[ASSIGNED TASK] Give back, exactly as written, the lines of the listing from the top through the line holding "A. 동아시아 강수량 전망(2022년 9~11월 평균)", and nothing more. Exclude pictures.
::: SUPPLIED DATA
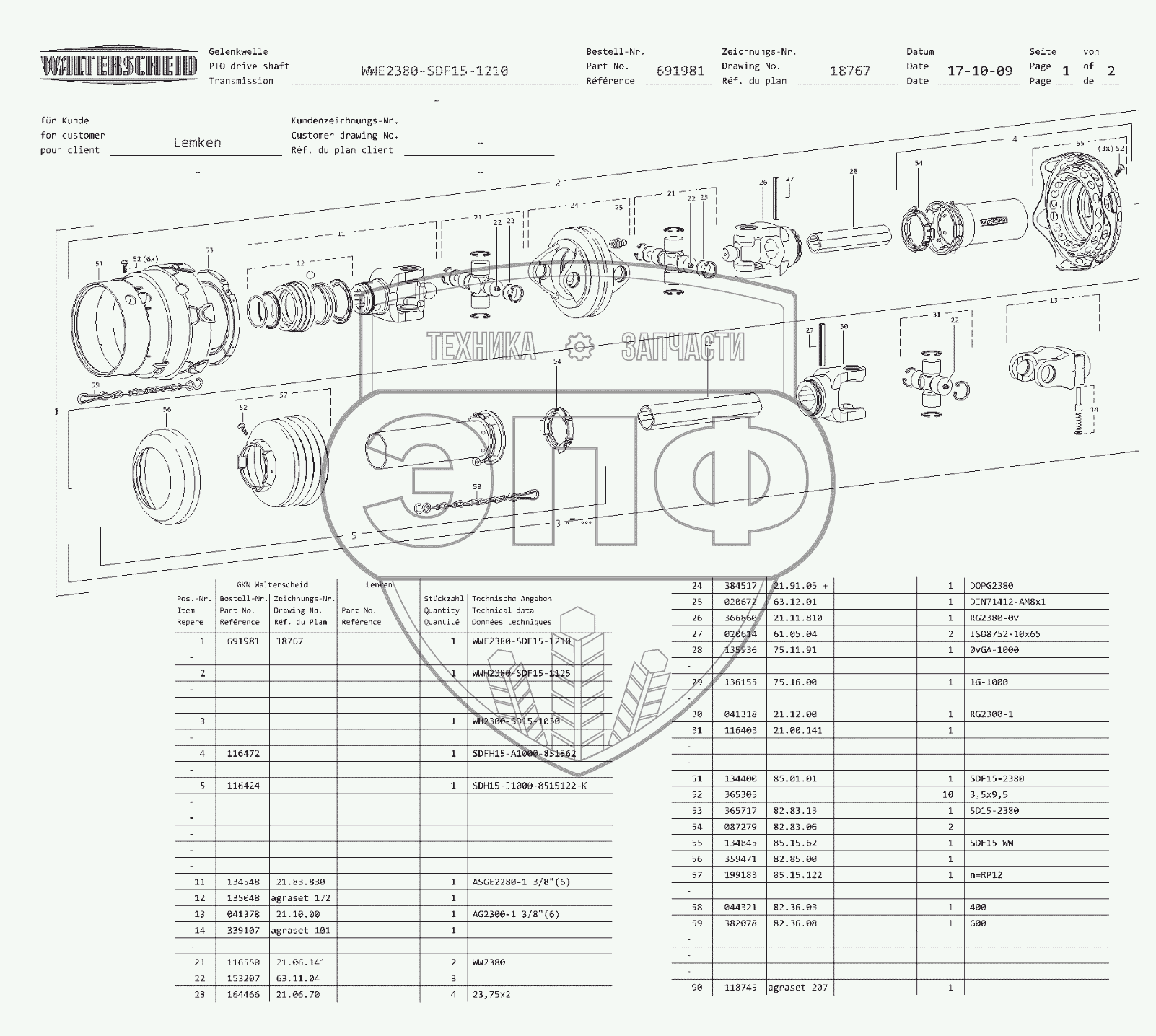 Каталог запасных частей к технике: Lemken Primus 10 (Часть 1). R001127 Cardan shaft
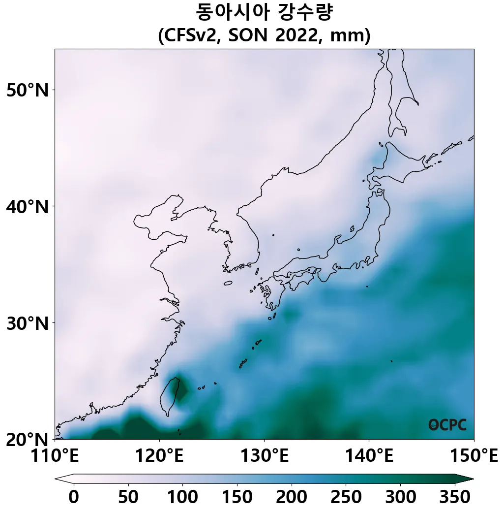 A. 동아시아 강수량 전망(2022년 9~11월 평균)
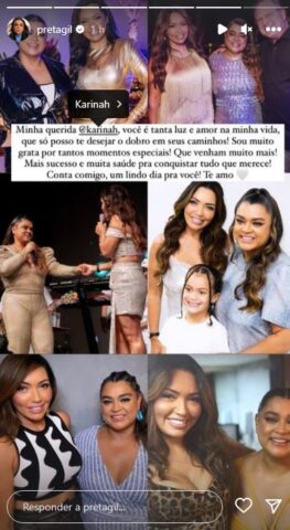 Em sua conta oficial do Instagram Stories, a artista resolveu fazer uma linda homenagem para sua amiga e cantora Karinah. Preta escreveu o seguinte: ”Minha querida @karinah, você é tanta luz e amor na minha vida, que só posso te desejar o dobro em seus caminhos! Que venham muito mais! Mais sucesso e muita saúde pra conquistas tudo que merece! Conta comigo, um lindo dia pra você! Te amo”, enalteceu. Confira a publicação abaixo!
::::::
[ANSWER BOX]
 Каталог запасных частей к технике: Lemken Primus 10 (Часть 1). R001127 Cardan shaft
 A. 동아시아 강수량 전망(2022년 9~11월 평균)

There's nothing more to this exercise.